─── DATA BLOCK

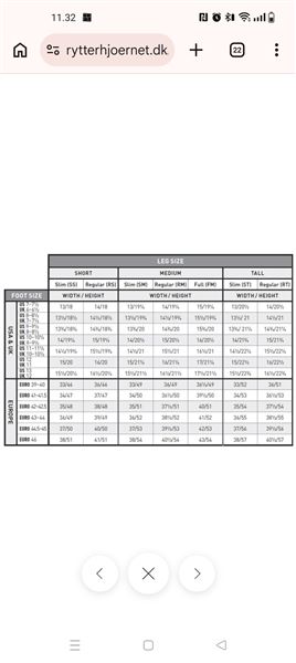 Størrelses guide indsat som billedet, men kan ellers findes på nettet.
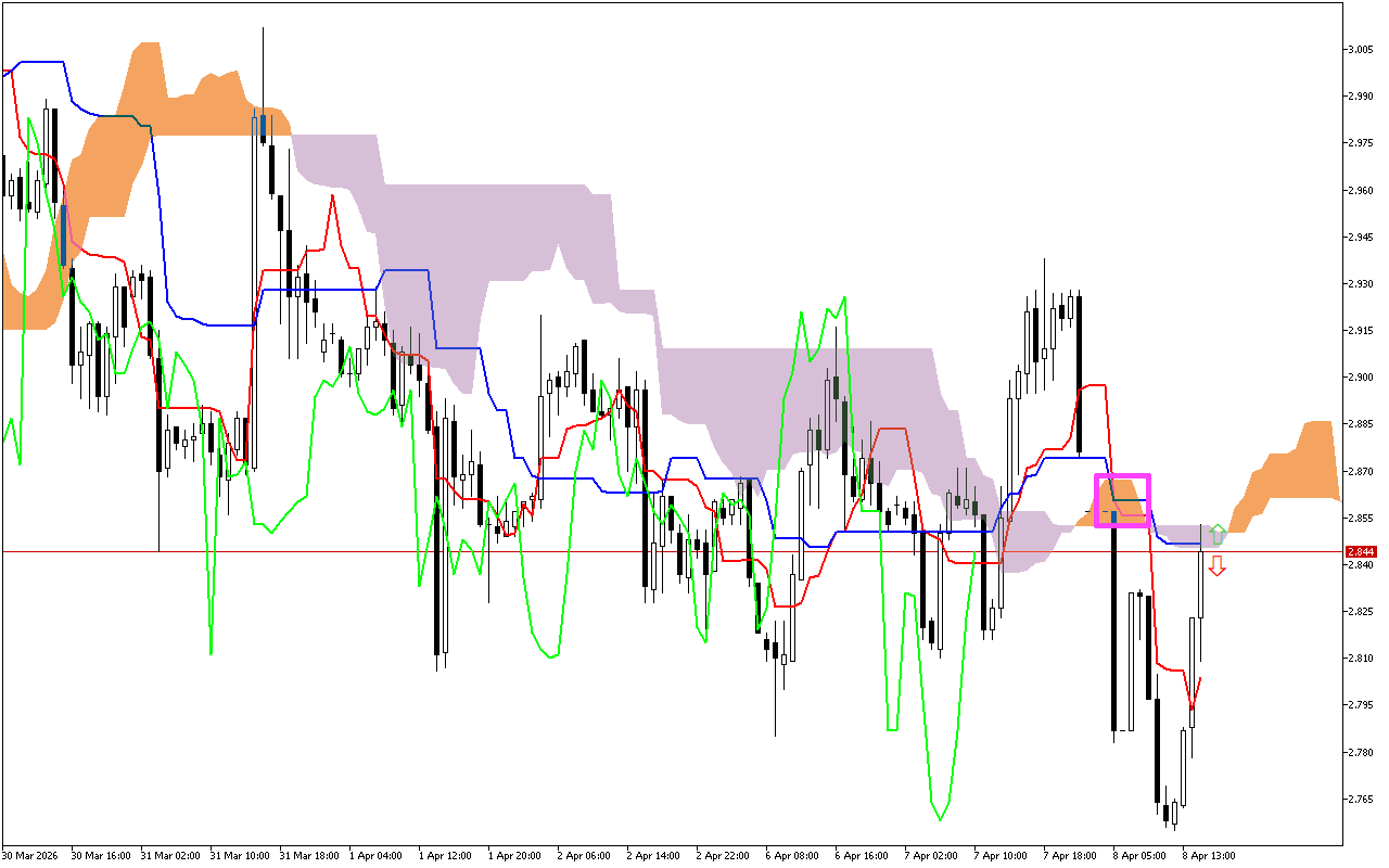 Enye yezimpawu eziyinhloko zezikhathi zokuhweba zangaphambilini kwaba ukuphambana kwemigqa ye-Tenkan kanye ne-Kijun. Le ndawo imakwe ngesikwele esiphinki egrafu. Ukukhuphuka komugqa we-Tenkan ngaphezu komugqa we-Kijun kuyisignali evumayo, engabonisa ushintsho olungenzeka kuthrendi ukuya phezulu.
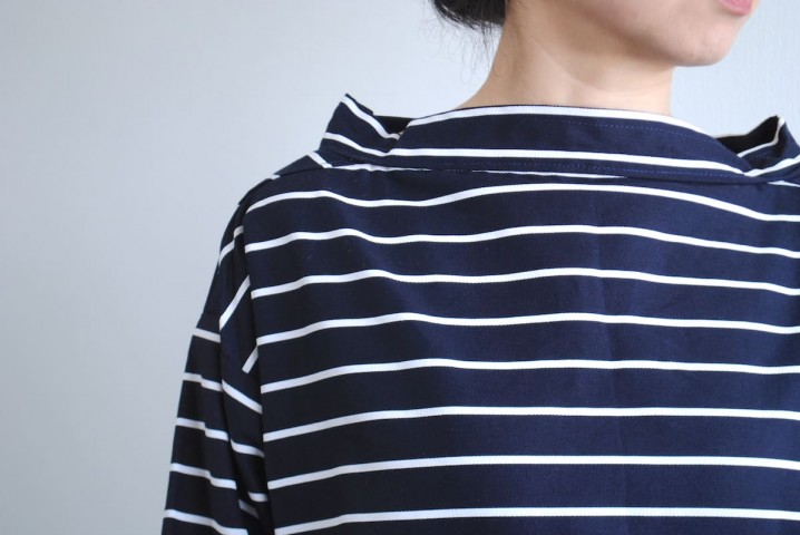 開きすぎないボートネック、立ち襟が女性らしくもあって野暮さはなし。
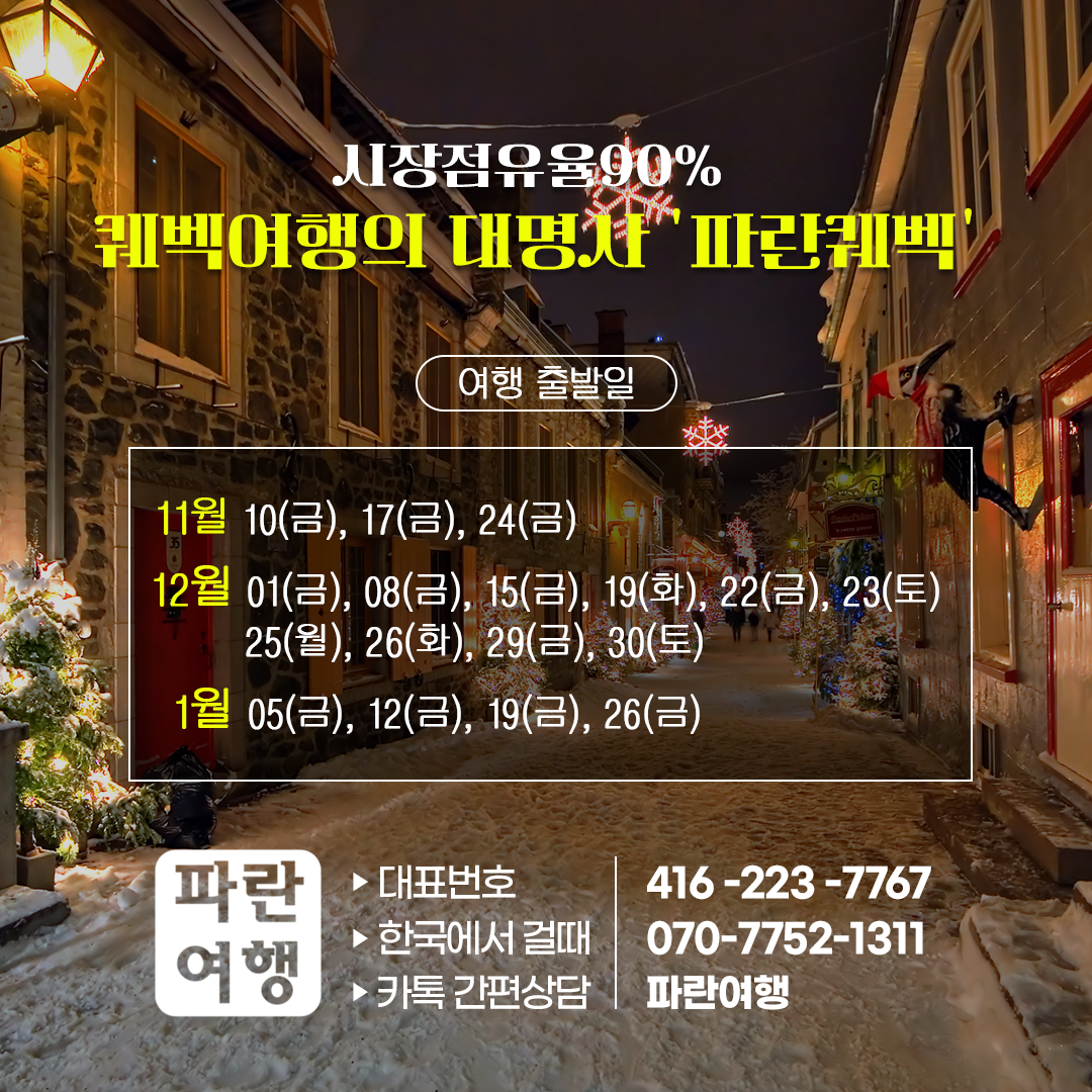 캐나다동부출발 여행상품의 시장점유율 96.89%가 입증하는 캐나다 최대규모 한인여행사 '파란여행'

──────

● **PROBLEM STATEMENT**: Every line of the data above should be quoted exactly. Omit the pictures.

● **ANSWER SPACE**:
 Størrelses guide indsat som billedet, men kan ellers findes på nettet.
 Enye yezimpawu eziyinhloko zezikhathi zokuhweba zangaphambilini kwaba ukuphambana kwemigqa ye-Tenkan kanye ne-Kijun. Le ndawo imakwe ngesikwele esiphinki egrafu. Ukukhuphuka komugqa we-Tenkan ngaphezu komugqa we-Kijun kuyisignali evumayo, engabonisa ushintsho olungenzeka kuthrendi ukuya phezulu.
 開きすぎないボートネック、立ち襟が女性らしくもあって野暮さはなし。
 캐나다동부출발 여행상품의 시장점유율 96.89%가 입증하는 캐나다 최대규모 한인여행사 '파란여행'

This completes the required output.